I want to put exhaust on my sentra, i want it nice and deep, anyone have any suggestions on a brand that sounds good.


----------



## b15chik (Jun 4, 2005)

you don't really have many options. my reccomendation is the hks catback for the 2.0. fits your car and is the hottest exhaust ever


----------



## mmunsee (Nov 4, 2006)

ok thank you.


----------



## dmroberson (Jun 24, 2004)

I know I'm late, but I agree with b15chik. I've got an HKS Sport on my 04 1.8S, had it for about 6 months now. Has a very nice, sporty sound, none of that raspy, weed-wacker crap, even when it's opened up.


----------



## mmunsee (Nov 4, 2006)

sweet, thanks guys. whats the average cost for the full set-up?


----------



## b15chik (Jun 4, 2005)

dmroberson said:


> I know I'm late, but I agree with b15chik. I've got an HKS Sport on my 04 1.8S, had it for about 6 months now. Has a very nice, sporty sound, none of that raspy, weed-wacker crap, even when it's opened up.

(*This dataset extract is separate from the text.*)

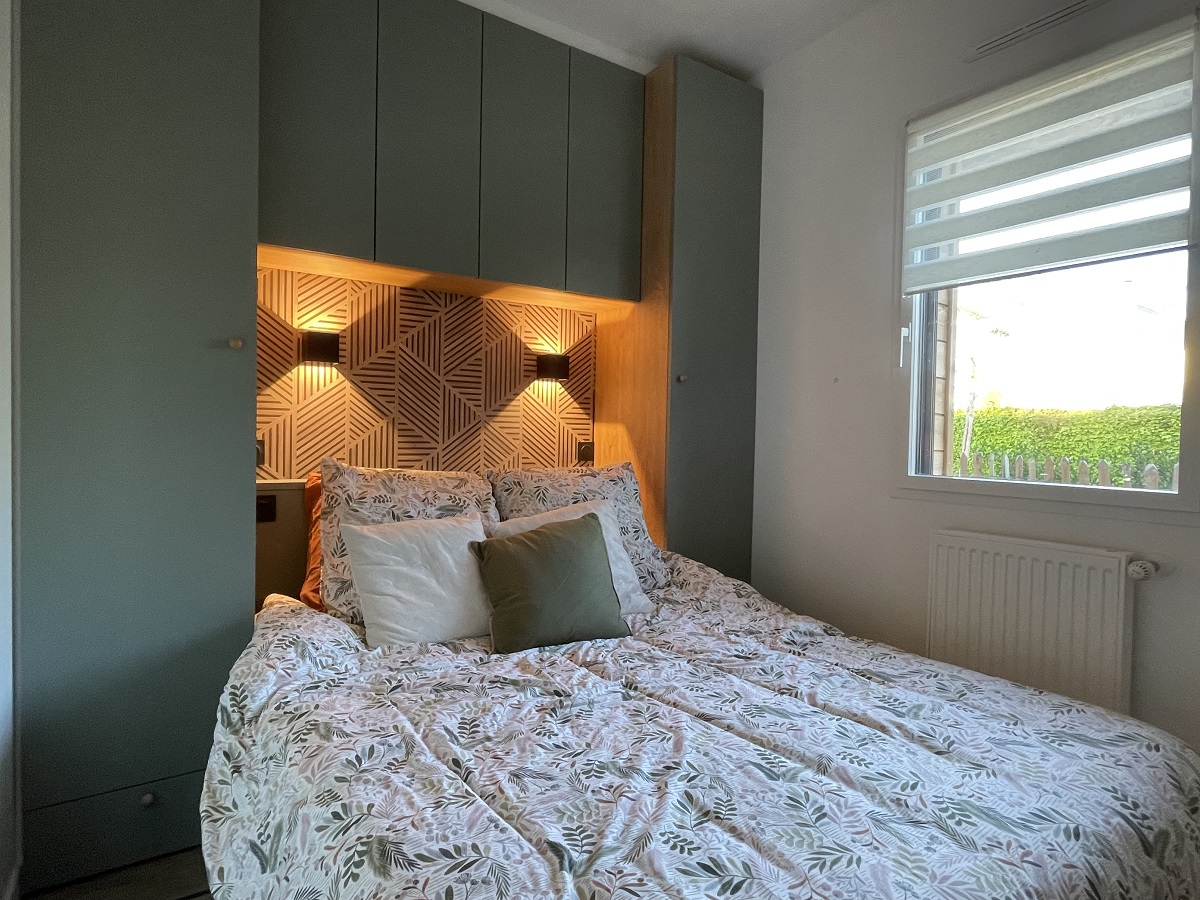 Regálate un paréntesis de paz en esta encantadora casa de madera, ideal para una escapada de dos o cuatro personas. Ubicada en un entorno tranquilo y frondoso, es una invitación al descanso y la relajación.

haha you know what's so funny. both of us always post the same thing in every thread about the 1.8 exhust 

you can get it extremely cheap on ebay. and www.importrp.com carries them too. it's not on their site, you have to call. but they have given out quotes as low as 350 bucks with shipping


----------



## dmroberson (Jun 24, 2004)

b15chik said:


> haha you know what's so funny. both of us always post the same thing in every thread about the 1.8 exhust


Now that you mention it, we do, don't we?  Didn't even notice that. lol.


----------



## DOHC_Holiday (Aug 24, 2006)

I just put a stock Spec V exhaust on my GXE and it sounds great; an aggressive growl, but not buzzy. And even with the mods performed at a muffler shop, it was still only 50% of the cost of an HKS.


----------



## b15chik (Jun 4, 2005)

yeah, but you still have a stock exhaust, lol


----------



## DOHC_Holiday (Aug 24, 2006)

b15chik said:


> yeah, but you still have a stock exhaust, lol


That might actually _help _ me in SCCA classification.


----------